4 ms·
No concurrency? asyncio is great for I/O bound network stuff!
by aserafini 6y ago
No concurrency? asyncio is great for I/O bound network stuff!
- colonwqbang 6y ago"No parallelism" is probably what was meant.
- dragonwriter 6y ago> "No parallelism" is probably what was meant. Which is still wrong, of course, but "no in-process (or in-single-runtime-instance) parallelism" would be correct, as would "forking inconvenient parallelism".
- colonwqbang 6y agoPosix fork() doesn't really count, if that's what you mean...
- dragonwriter 6y agoWhy doesn't Python's multiprocessing module (which uses fork by default on Unix) count? It literally exists for parallelism.
- int_19h 6y agoIt doesn't use fork() on macOS anymore, because some of Apple's own APIs get broken by its use. Pretty much any app that uses both fork and threads, has to jump through many hoops to make the two work together well. And this applies to all the libraries that it uses, directly or indirectly - if any library spawns a thread and does some locking in it, you get all kinds of hard-to-debug deadlocks if you try to fork. So unless you have very good perf reasons to need fork, I would strongly recommend multiprocessing.set_start_method("spawn") on all platforms. No obscure bugs, and it'll also behave the same everywhere, so things will be more portable. Code using multiprocessing that's written to rely on fork semantics can be very difficult to port later.
- guenthert 6y agoYou wouldn't fork() for performance, but for security reasons.
- deleted 6y ago[deleted]
- colonwqbang 6y agoIt's understood that you can have "parallelism" by running two copies of your program using basic system facilities like fork(), or even by buying several computers and running one instance of your program on each of them. That's not what is meant by a language "supporting parallelism". If it was, then every language ever designed supports parallelism and so the term is meaningless. To claim that a language "supports parallelism", it has to do something more to facilitate parallel programming. I would say that parallel threads of computation with shared memory and system resources is the bare minimum. You can go the extra mile and support transactional memory or other "nice" abstractions which make parallel programming easier. Saying that Python support parallelism because it has a fork() wrapper is like saying that Posix shell is a strongly typed language because it has strings and string is a type.

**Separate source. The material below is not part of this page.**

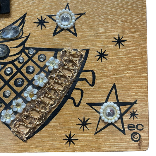 vintage 1960s Enid Collins of Texas "Glad Money" angel wood box bag purse / signed and dated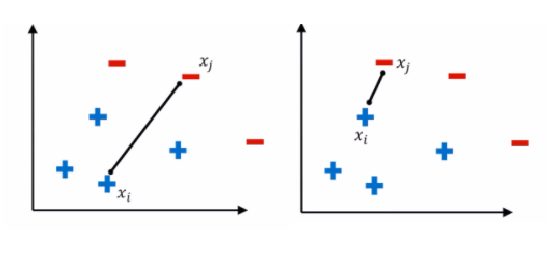 다른 클래스의 데이터 두 개를 연결했을 때 주변에 다른 임의의 데이터 Xk가 존재할 때

- FartyMcFarter 6y agoIt's not wrong. If running two processes counts as parallelism, then everything does parallelism, and it becomes pointless to talk about it.
- xapata 6y agoThen one should talk about how convenient the related abstractions are. I like the concurrent.futures library.
- colonwqbang 6y agoConcurrency is not the same as parallelism. Python has good concurrency support, I agree. Python (C Python) does not support parallelism however due to its Big Interpreter Lock which actively prevents any parallelism in Python code. This was probably a conscious design decision on the part of C Python implementers and perhaps a good one. But we should not claim that Python is something which (actively and by design) it's not.
- xapata 6y agoI use `concurrent.futures.ProcessPoolExecutor` fairly often. I handle inter-process communication usually through a database or message queue, expecting that someday I'll want to go clustered instead of just single-machine multiprocessing. I've been burned by implementing multithreading and then needing to overhaul to clustered enough times to stop doing it.